The National Press Club of the Philippines, however, said the legal troubles faced by Rappler do not constitute media repression. In a statement released on Tuesday, the press club agreed with the SEC, which ruled that Rappler violated constitutional restrictions on foreign ownership of media companies in the Philippines.
In our quest to find the best analysis of the corporate watchdog’s decision, we came across Atty. Peter Michael Dizon’s breakdown of the case. (Read “Why did the SEC revoke Rappler’s registration?” at https://pmdizon.com). The lawyer said SEC revoked Rappler’s registration as a Philippine corporation because it disobeyed the rules on foreign participation in media companies. The 1987 Constitution provides that a media company must be owned and controlled 100 percent by Filipinos.
This was what happened to Rappler: Rappler’s board of directors and shareholders are 100 percent Filipino. In 2013 and 2014 Rappler got commitments from foreign investors. In December 2014 Rappler needed to legalize the receipt of foreign money. But it could not issue shares of stock or seats at its board. It spun off a new corporation called Rappler Holdings for the purpose of issuing Philippine Depositary Receipts (PDRs). The PDRs are derivative instruments that derive their value from equity.
Rappler Holdings bought the shares of Rappler in 2015 and then issued PDRs to North Base Media and Omidyar Network. Dizon said there’s nothing wrong with issuance of PDRs. And the SEC found nothing wrong with the PDRs issued to North Base Media. The problem lies with the PDRs issued to the Omidyar Network, or what Rappler called the “ON PDRs.”
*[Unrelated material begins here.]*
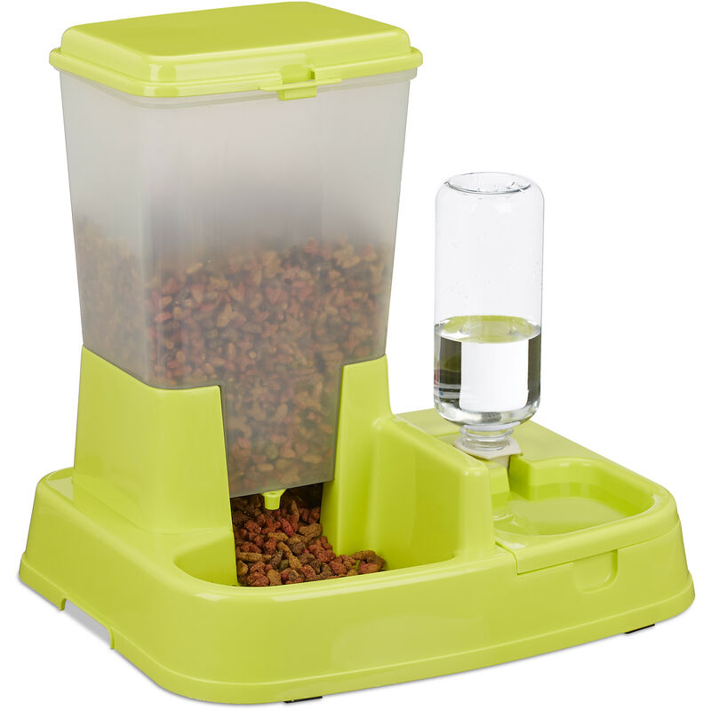 Comedero y Bebedero Automáticos, Perros y Gatos, 4 l, Plástico, Plato Comida y Agua, 34×34,5×27,5cm, Verde – Relaxdays

The ON PDRs had provisions that granted a measure of control over both Rappler Holdings and Rappler Inc. The provisions included a condition that Rappler and Rappler Holdings cannot alter, modify or change their Articles of Incorporation and Corporate By-Laws without discussion with ON PDR holders, and obtaining the approval of at least two-thirds of holders of all issued PDRs.
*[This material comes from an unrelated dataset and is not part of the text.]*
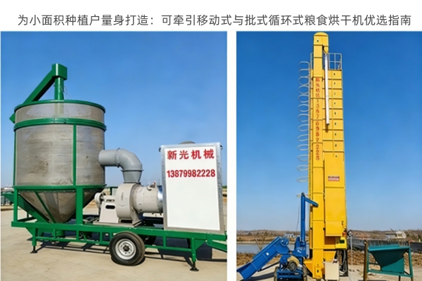 对于种植面积有限、年产粮在2到10吨的农户而言,选择一台合适、经济、实用的粮食烘干设备,是保障粮食颗粒归仓、实现效益关键环节。面对市场上多样的机型,如何做出明智的选择?本文将针对可牵引移动式与批式循环式两种主流机型,为您提供清晰的对比与选购参考。

Dizon said: “Philippine foreign equity restrictions require that Filipino control should be 100 percent. If a foreigner gets greater than zero-percent control over the company, then there is a violation of Philippine law on ownership and control of a media corporation. With the provisions on the ON PDR’s, there was definitely more than zero-percent control of foreigners. This is a violation of Philippine law on media companies.”
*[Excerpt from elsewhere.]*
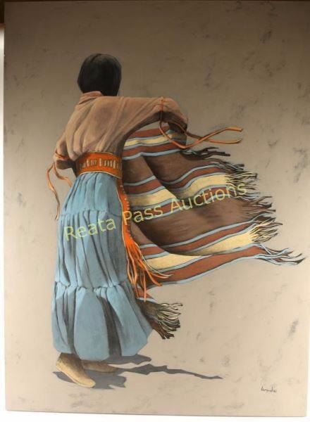 "Windy Morning" by Mary E Wyant. Depicting back view of woman in native dress holding a striped shawl that is blowing in the wind. Signed by artist lower right. Measures 40"x54". Mary E. Wyant was born in 1939 and received two degrees in design at Wayne State University in Detroit. She moved to Tucson, Arizona to teach Interior Design at the University of Arizona. In 1982, she met Lawrence W. Lee who became her mentor and later her husband.

The SEC said that control isn’t just about ownership of stock. The Securities Regulation Code (SRC) has a very broad definition of control, which goes beyond ownership of shares. In the case of PDRs, they are derivative instruments covered by the SRC, so the law’s provisions govern any transaction in connection to PDRs. And the SEC found that Rappler has control issues. The SEC said that it does not matter when the foreigner exercises control, or in what instances the foreigner would step in. What matters is that there be none.
Rappler defended itself, saying that the PDR provisions are not enough to be considered as “control” of the corporation. Also, it said that control is actually defined as ownership of shares, not simply management control. On this, the SEC declared that any control is control.
One of Rappler’s defenses is that it is not a media company. It stated that what it does is not part of mass media. The SEC threw this defense out the door.
Rappler also submitted on December 22, 2017, a piece of paper saying that the holders of the PDR are waiving their rights to the control provision of the PDR. The piece of paper was ignored because it was not even authenticated.
In the end, there was enough basis for the SEC to conclude that Rappler issued the PDRs to illegally skirt the strict ownership and control requirements of Philippine law. Because of this, the ON PDRs were declared void and Rappler’s Certificate of Registration with the SEC was revoked. The PDRs are not evidence of foreign ownership because it is the contractual provisions in the PDR that will determine foreign control and/or ownership. In Rappler’s case, the PDRs granted its investors some control. The Philippine Constitution prohibits any control. That’s why the SEC revoked Rappler’s registration.
After this case, we urge the SEC to continue looking into other companies that may have been abusing the PDR technicality.